_PROBLEM TO SOLVE_
Print the listing exactly as it stands, and skip any pictures in it.

_DATASET EXCERPT_

=-=-=

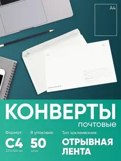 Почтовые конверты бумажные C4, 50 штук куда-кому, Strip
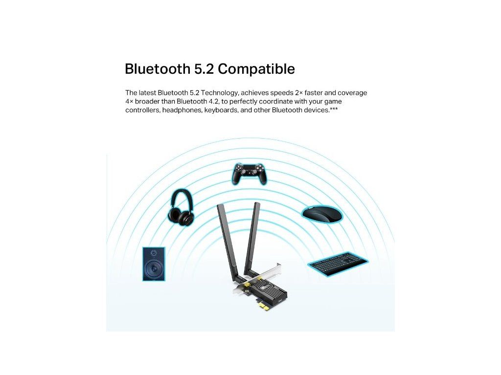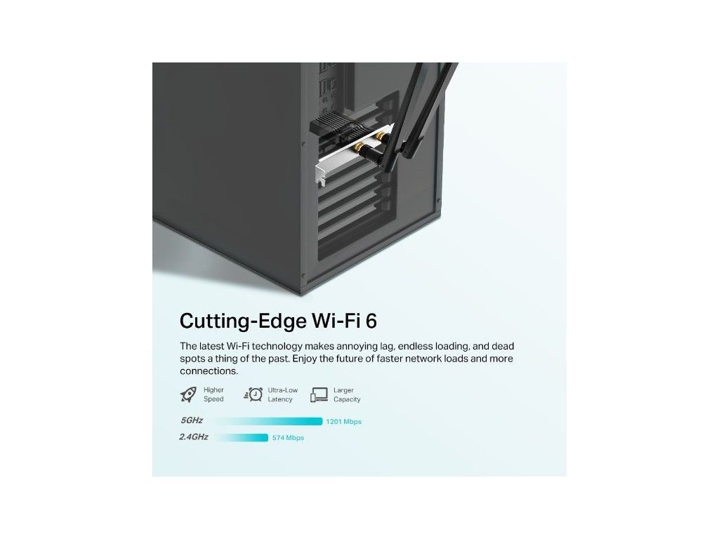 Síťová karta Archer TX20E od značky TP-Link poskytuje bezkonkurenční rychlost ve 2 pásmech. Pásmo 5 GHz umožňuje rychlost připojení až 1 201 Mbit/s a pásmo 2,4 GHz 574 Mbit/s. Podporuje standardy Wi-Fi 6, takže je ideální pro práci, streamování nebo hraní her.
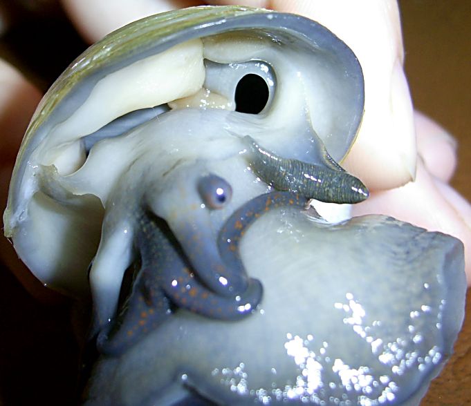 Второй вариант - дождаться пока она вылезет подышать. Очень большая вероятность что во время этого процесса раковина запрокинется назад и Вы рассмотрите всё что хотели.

=-=-=

_RESPONSE TO THIS TASK_
 Почтовые конверты бумажные C4, 50 штук куда-кому, Strip
 Síťová karta Archer TX20E od značky TP-Link poskytuje bezkonkurenční rychlost ve 2 pásmech. Pásmo 5 GHz umožňuje rychlost připojení až 1 201 Mbit/s a pásmo 2,4 GHz 574 Mbit/s. Podporuje standardy Wi-Fi 6, takže je ideální pro práci, streamování nebo hraní her.
 Второй вариант - дождаться пока она вылезет подышать. Очень большая вероятность что во время этого процесса раковина запрокинется назад и Вы рассмотрите всё что хотели.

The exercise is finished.